Research into the onset of Alzheimer’s disease has taken a significant turn, with new findings indicating that the disease may start at the brain’s protective borders rather than within its core. Scientists from the United States and Germany have linked genetic risks for Alzheimer’s and other neurological disorders to the blood-brain barrier, the network of blood vessels and immune cells that safeguard the brain.
Traditionally, studies have concentrated on the abnormal protein clumps and tangles within the brain that damage neurons. However, this latest research suggests that the initial triggers of Alzheimer’s could stem from external factors breaching a compromised brain boundary.
Neuroscientist Andrew Yang from the Gladstone Institute of Neurological Disease in California emphasized, “When studying diseases affecting the brain, most research has focused on its resident neurons. I hope our findings lead to more interest in the cells forming the brain’s borders, which might actually take center stage in diseases like Alzheimer’s.”

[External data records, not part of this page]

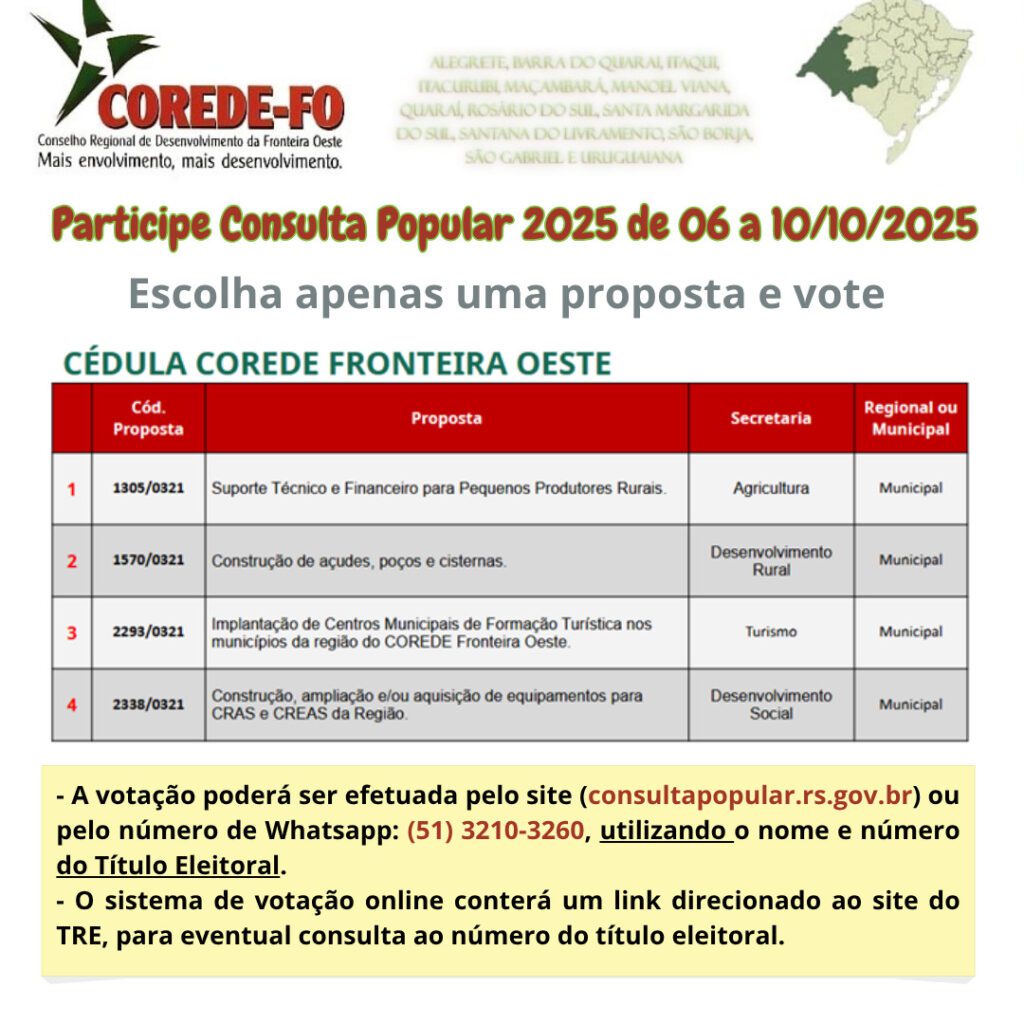 A Consulta Popular 2025 já está aberta, e os moradores da região da Fronteira Oeste podem participar escolhendo uma das propostas disponíveis para receber investimentos do Governo do Estado. A votação acontece de 6 a 10 de outubro de 2025, de forma totalmente online, e é uma oportunidade para que a comunidade defina onde serão aplicados os recursos públicos no
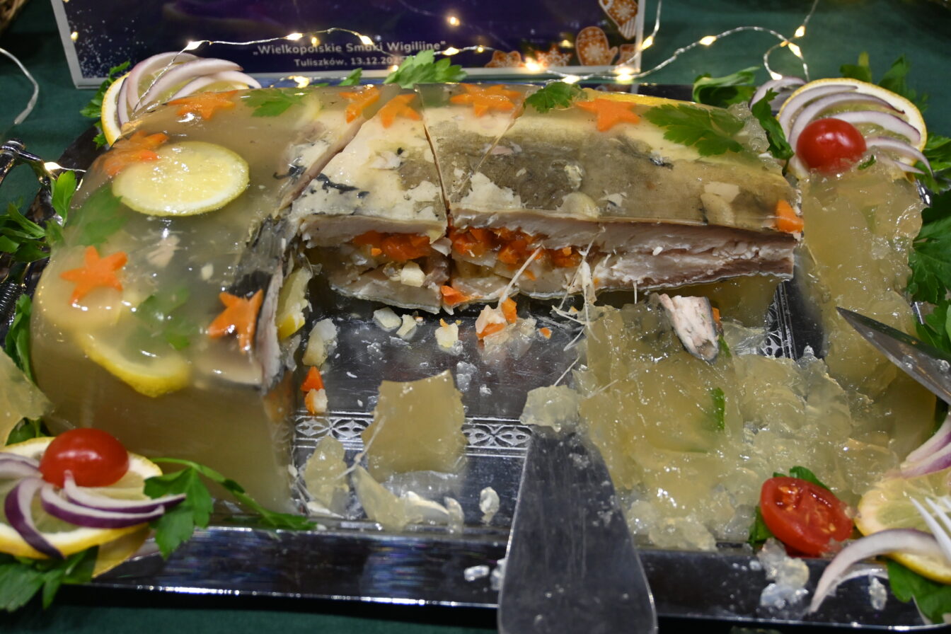🥉 KGW Niedźwiedź (gmina Ostrzeszów) – „Wigilijny karp wędzony świątecznym aromatem w towarzystwie kapusty z fasolą i grzybami oraz tradycyjnego barszczu”
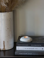 Each stone is cut on the bottom to create a flat spot, and ground to remove sharp edges. They are then drilled twice which allows us to make a perfectly sized countersink to accept a standard sized tealight candle slightly inset into the stone.
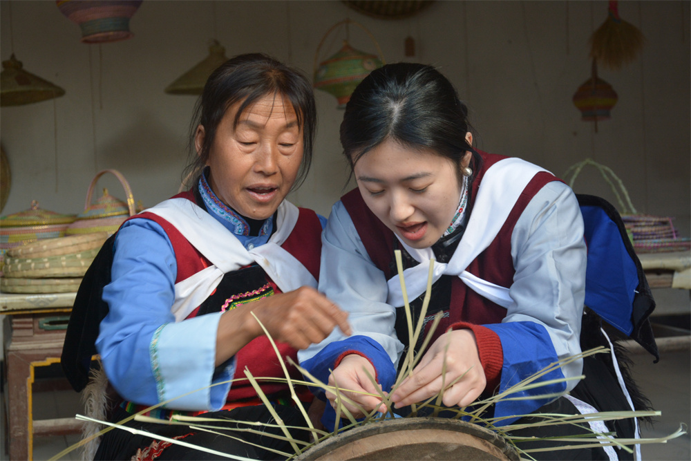 總臺記者向村民學習竹編(通訊員:和福天攝)
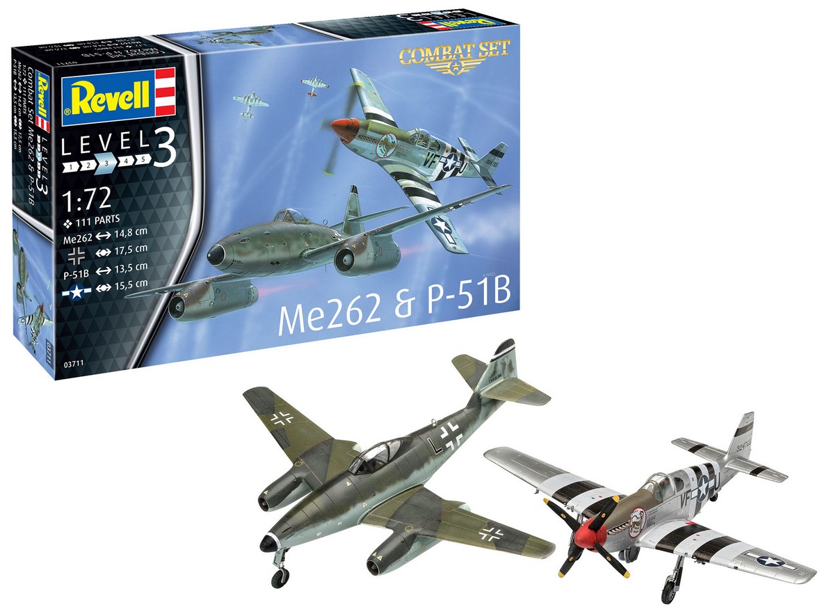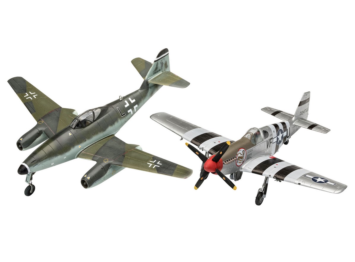 Modellbausatz-Set bestehend aus der amerikanischen P-51 Mustang und dem deutschen Strahljäger Me262.
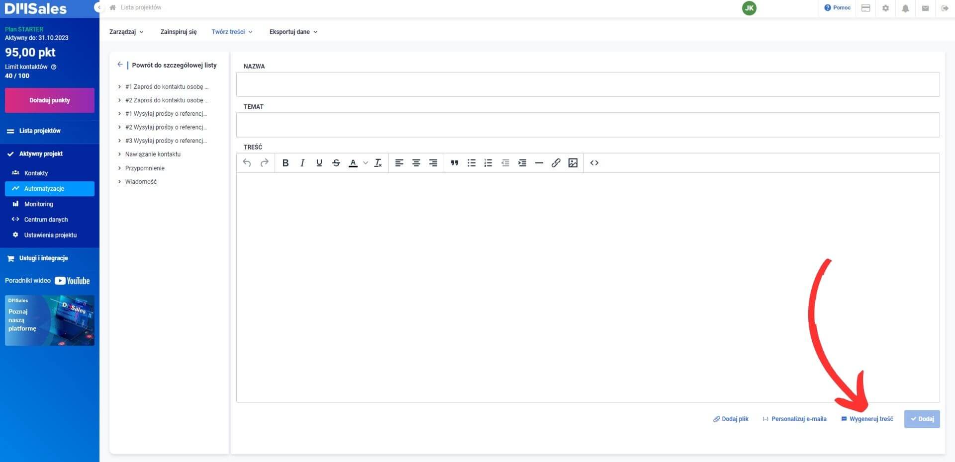 Z funkcji generowania treści narazie można skorzystać na dwa sposoby, jeden – poprzez „Twórz treści”, drugi – poprzez „Automatyzacje” (Pracujemy również nad sposobem generowania spersonalizowanych wiadomości przez „Konwersacje”, tak aby sztuczna inteligencja mogła odpowiadać za Ciebie)
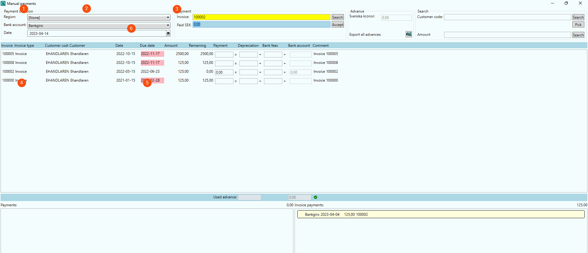 The searched for invoice is displayed in the invoice list in the middle of the window (6). If the same customer has invoices that have not yet been paid in full, they are also shown in the list.
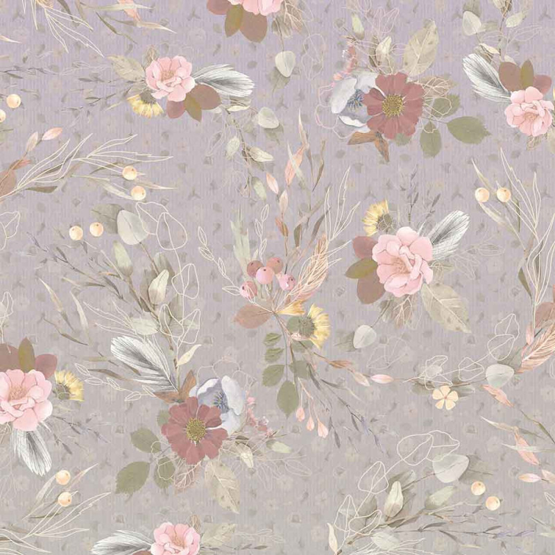 Papier peint panoramique intissé floral romantique rose L350 x H250 cm
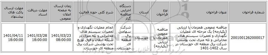 | 2001001262000017 | مناقصه عمومی همزمان با ارزیابی (یکپارچه) یک مرحله ای عملیات نگهداری و تعمیرات سیستم های مخابراتی و تله متری تحت پوشش شرکت برق منطقه ای خوزستان در سال 1402-1401 | مناقصه عمومی همزمان با ارزیابی (یکپارچه) | خوزستان | شرکت سهامی برق منطقه ای خوزستان | انجام عملیات نگهداری و تعمیرات سیستم های مخابراتی و تله متری در شبکه انتقال و فوق توزیع تحت پوشش شرکت برق منطقه ای خوزستان | 1401/03/23 08:00:00 | 1401/03/28 18:00:00 | 1401/04/11 18:00:00 |

The research team developed an innovative genetic analysis technique called MultiVINE-seq. This method allows researchers to isolate vascular and immune cells from brain tissue, measuring their gene activity and chromatin accessibility, which relates to how readily DNA can be utilized by cells. Analyzing 30 postmortem brain tissue samples from individuals with and without neurological disease, the scientists constructed a detailed profile of genetic variations associated with conditions like Alzheimer’s.
Many of the genetic variations identified were located in cells patrolling the brain’s borders, particularly in endothelial cells, which regulate access to the brain, and T cells, part of the immune system. Certain genetic variants implied that inflammatory immune cells could be instigating or accelerating the onset of Alzheimer’s.
Neuroscientist Madigan Reid, also from the Gladstone Institute, noted, “Before this, we knew these genetic variants increased disease risk, but we didn’t know where or how they acted in the context of brain barrier cell types. Our study shows that many of the variants are actually functioning in blood vessels and immune cells in the brain.”
Understanding neurodegenerative diseases like Alzheimer’s is complex, influenced by numerous factors, which often slows progress in treatment development. Nonetheless, this study advances knowledge about how these diseases operate and highlights the importance of the brain’s vascular and immune systems.
Previous research has already established links between Alzheimer’s disease and broader immune system issues, extending beyond the brain itself. This latest study also revealed that different genetic risk variants exert varying effects on the brain’s borders, depending on the disease, paving the way for tailored treatment approaches.
“This work brings the brain’s vascular and immune cells into the spotlight,” Yang stated. “Given their unique location and role in establishing the brain’s relationship with the body and outside world, our work could inform new, more accessible drug targets and lifestyle interventions to protect the brain from the outside in.”
The findings were published in the journal Neuron, marking a pivotal step toward a deeper understanding of Alzheimer’s disease and its origins.